Egeli Bilim İnsanlarından Nefes Yoluyla Akciğer Kanser Teşhisi
Ege Üniversitesi bilim insanları nefes yoluyla ölçüm yaparak akciğer kanserinin erken teşhisine olanak sağlayan yerli biyomedikal sistem geliştirdi.
Ege Üniversitesi öncülüğünde devam eden ve İzmir’in farklı üniversitelerinin de destek verdiği proje kapsamında geliştirilen cihaz, ilk testlerde hastalığı yüzde 80 oranında tespit etmeyi başardı. Ege Üniversitesi Rektörü Prof. Dr. Necdet Budak, yeni cihaz konusunda çalışma yürüten akademisyenleri ziyaret ederek cihazın ürüne dönüşmesi için gerekli adımları atacaklarını söyledi.

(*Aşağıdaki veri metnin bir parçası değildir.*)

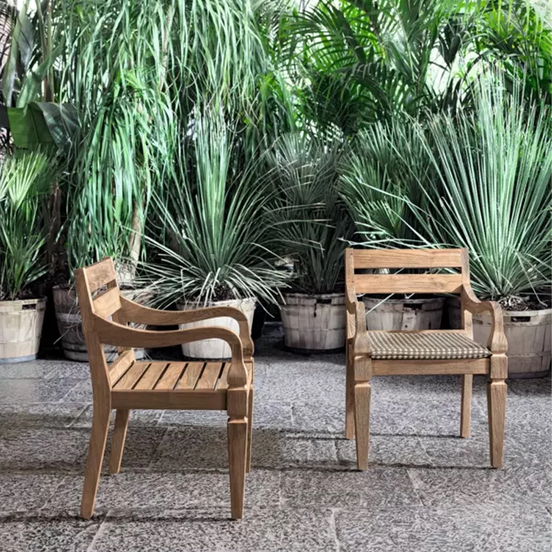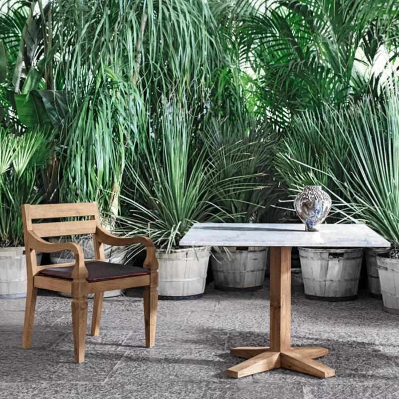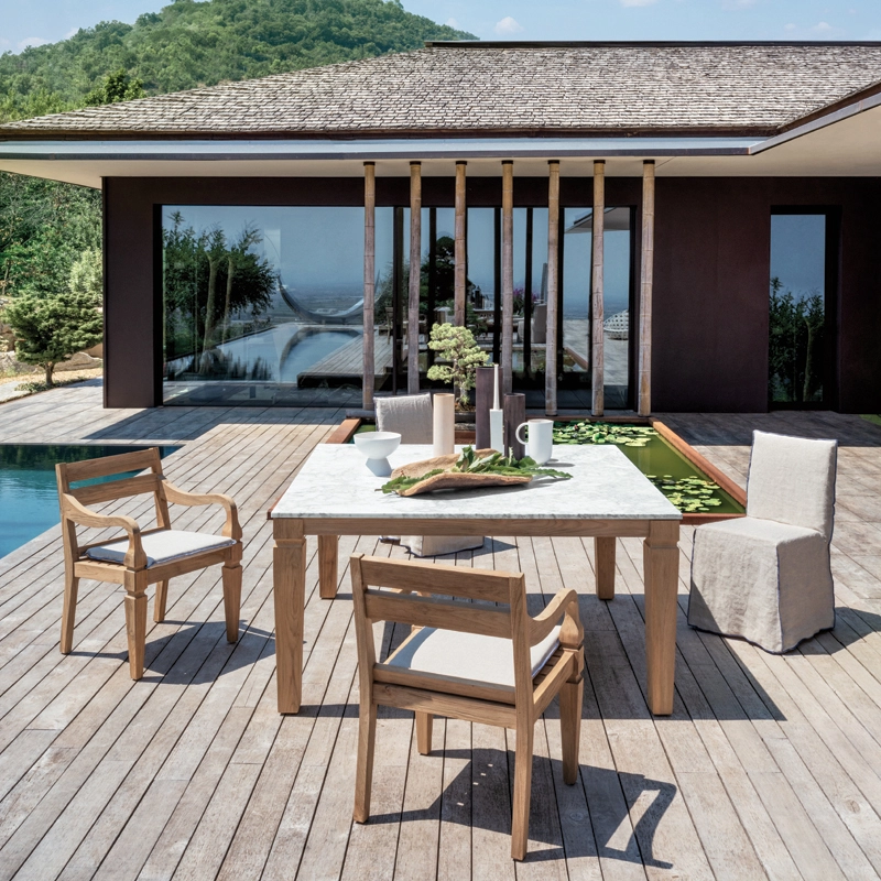 Le petit fauteuil Jeko 24 a été conçu par Paola Navone pour la marque Gervasoni. De style colonial et d’inspiration exotique, le petit fauteuil Jeko 24 possède une structure en éco-teck. Conçu pour résister à l’eau et au soleil, ce matériau provient de la valorisation de poutres et d’éléments de récupération en teck, qui sont réparés avec du bois recyclé, assemblés puis polis afin de mettre en valeur les veines d’origine du bois. Pour plus de confort, il est doté d'un coussin d'assise déhoussable en tissu conçu pour l'extérieur.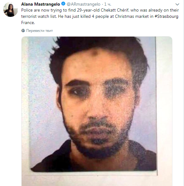Опубликовано фото мужчины, которого подозревают в том, что он устроил стрельбу в центре Страсбурга 11 декабря. Его обнародовали пользователи Twitter.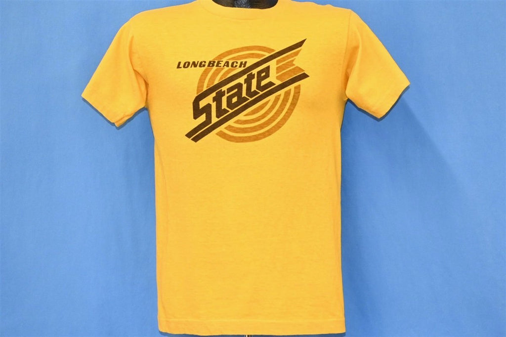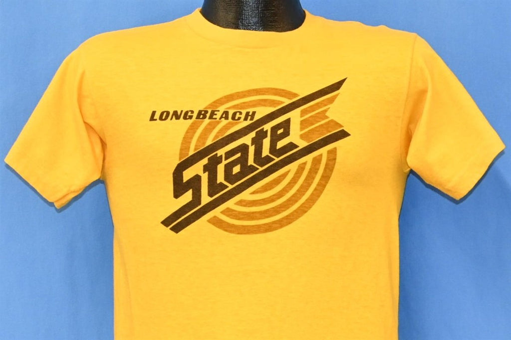 This sweet vintage shirt was made by Champion in the 70s and it has a cool graphic that proudly reads, "Long Beach State". Long Beach State is the nickname given to the athletic teams of California State University, Long Beach, a notable member of the California State University system. At one point, the school was home to the Long Beach 49ers, in honor of the 1849 California gold rush, but the university's athletic teams later became simply known as the Beach.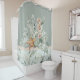 Um cavalo marinho e uma estrela do mar estão elegantemente interligados com plantas marinhas, criando uma cena submarina serena. Cores suaves e muda e detalhes delicados evocam um ambiente calmo e costeiro.

Rektör Budak şunları kaydetti:
"Farklı fakültelerimiz ve hatta farklı üniversitelerden akademisyenlerimiz burada ortak bir çalışma yürütüyorlar, özellikle akciğer kanserinin nefes yoluyla ölçümüne yönelik dünyada da daha araştırma düzeyinde olan bir yöntemi hayata geçiriyorlar. Geliştirdikleri bu yeni yöntem ile hem Türkiye’de hem dünyada kan ve doku örneği almadan kanser teşhisi konulabilecek. Özellikle Kalkınma Bakanlığımız nezdinde biyomedikal alanında bu projenin desteklenmesi için var gücümüzle çalışacağız."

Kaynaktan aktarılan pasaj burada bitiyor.